Woke early, after a worrysome and sleepless night, worried about my darling Deborah and her insomnia and work stress. How I wish I could help.

Today was a full day. October the 1st, so a quarterly back-up day. Another task was disabling Bytten, the game review website I founded with Andrew Williams. We found fellow gamers and reviewed a game a week for 10 years, from 2003 to 2013, and today the site was switched off pending the lapse of the domain. I must, at some point, publish the reviews as a book, partly because nobody does. So many websites and web-magazines form a transient culture. I am critically aware of this point.

Backups took the first few hours, then a call from Galleria Balmain; I needed to write some new information about myself and about the paintings on sale there. This took the next few hours.

Then, the long job of the Substack migration of this blog. Yesterday I managed 60 pages, each page 25 posts, so hand-tagged 1500 posts, each opened, clicked edit, saw which tags were needed from the Blogger blog, then added them. I really needed to be a web-machine to do this, with 25 tabs open at once, and the Ctrl-Tab shortcut to dart the next tab after memorising the tags for each post.
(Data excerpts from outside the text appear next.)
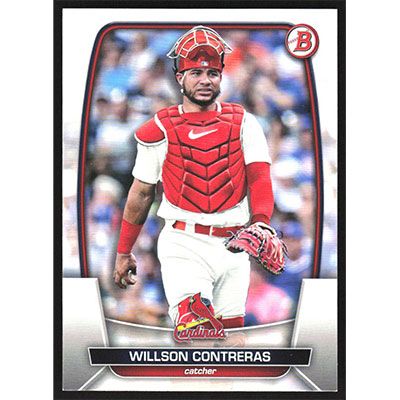 This is a 2023 Bowman Willson Contreras baseball card. The card is #100 and pictures show condition.
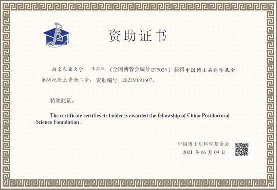 近期,中国博士后科学基金第 69 批面上资助结果公布,av在线 钟山青年研究员王思然获得二等面上资助。
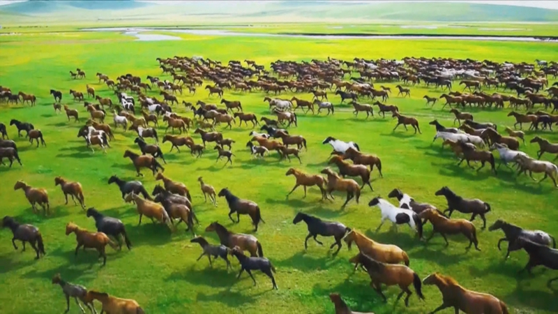 焉支山下,夕阳为广袤的草原铺上一层金色。牧马人挥动长鞭,驱赶着数百匹骏马奔腾而过,蹄声如雷,震起千年尘埃,与祁连山的雪线勾勒出河西走廊最纤细的腰身。
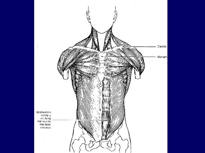 Anterior Thorax – Abdominal Girdle (cont. ) • Transversus abdominis – Deepest muscle of the abdominal wall. – Fibers run horizontally across the abdomen. – Originates from the lower ribs and iliac crest and inserts into the pubis. – Function to compress the abdominal contents.

Today, at 7pm, I approached the end, the last of the 3,032 posts; but then I noticed another anomaly. I had already discovered that any blog post with the same title was overwritten, forcing me to hand copy-and-paste about 149 posts, but today discovered that posts with multiple images were auto-deleting images. Not only when editing and submitting changes, but the very act of clicking 'Edit' and viewing the post makes the images vanish before your eyes!
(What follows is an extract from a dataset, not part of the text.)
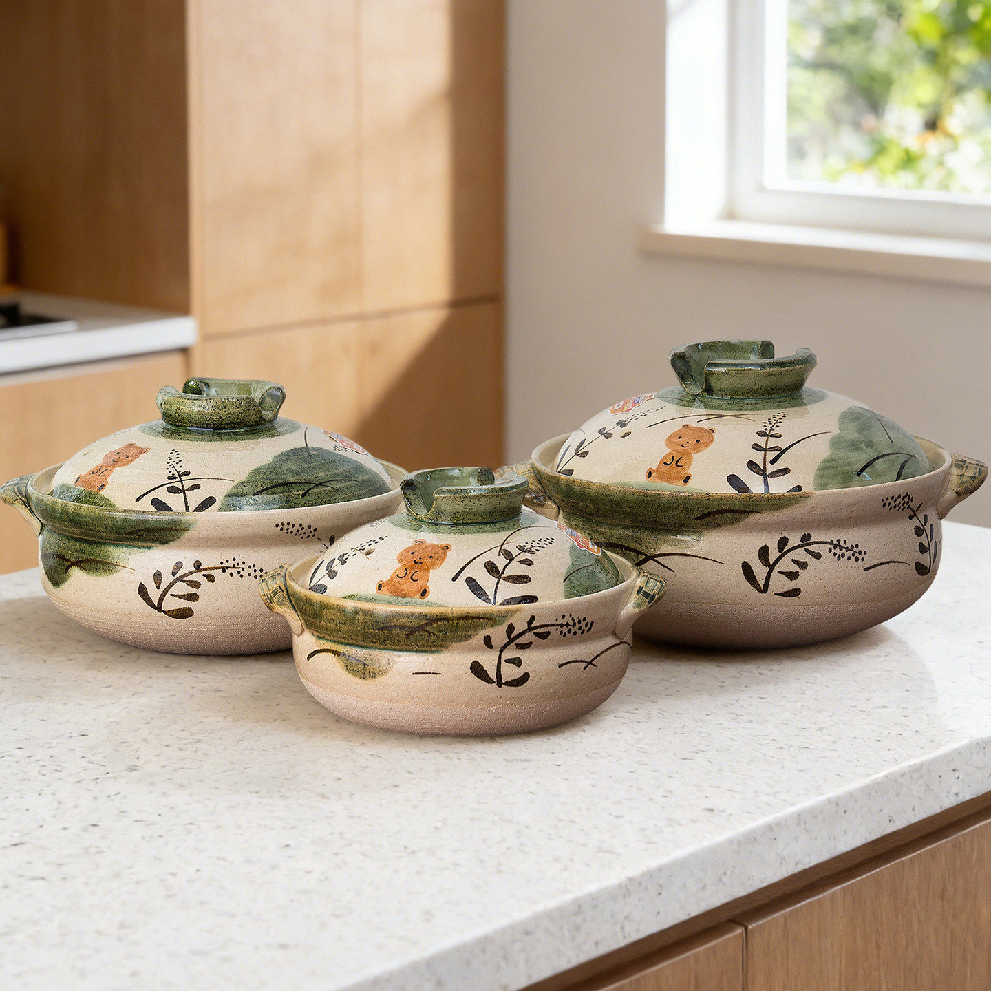 万古烧日式进口土锅芦绘熊砂锅家用大容量耐高温陶瓷煲汤锅沙锅

I suspect this is due to formatting differences between the HTML of Blogger and Substack, and I hope that it only applies to a limited number of posts, perhaps ones where images appear after another in a row, without text between. This should be a minority of posts. But, sigh, this will mean again traversing the 3,032 posts one by one, comparing them with the original on Blogger and perhaps re-uploading the images.

There is much to do this month, so much. Of key priority is promotion of the Christmas album, as well as work on my song. Lots of other music work too. Well, I can do but one job at a time.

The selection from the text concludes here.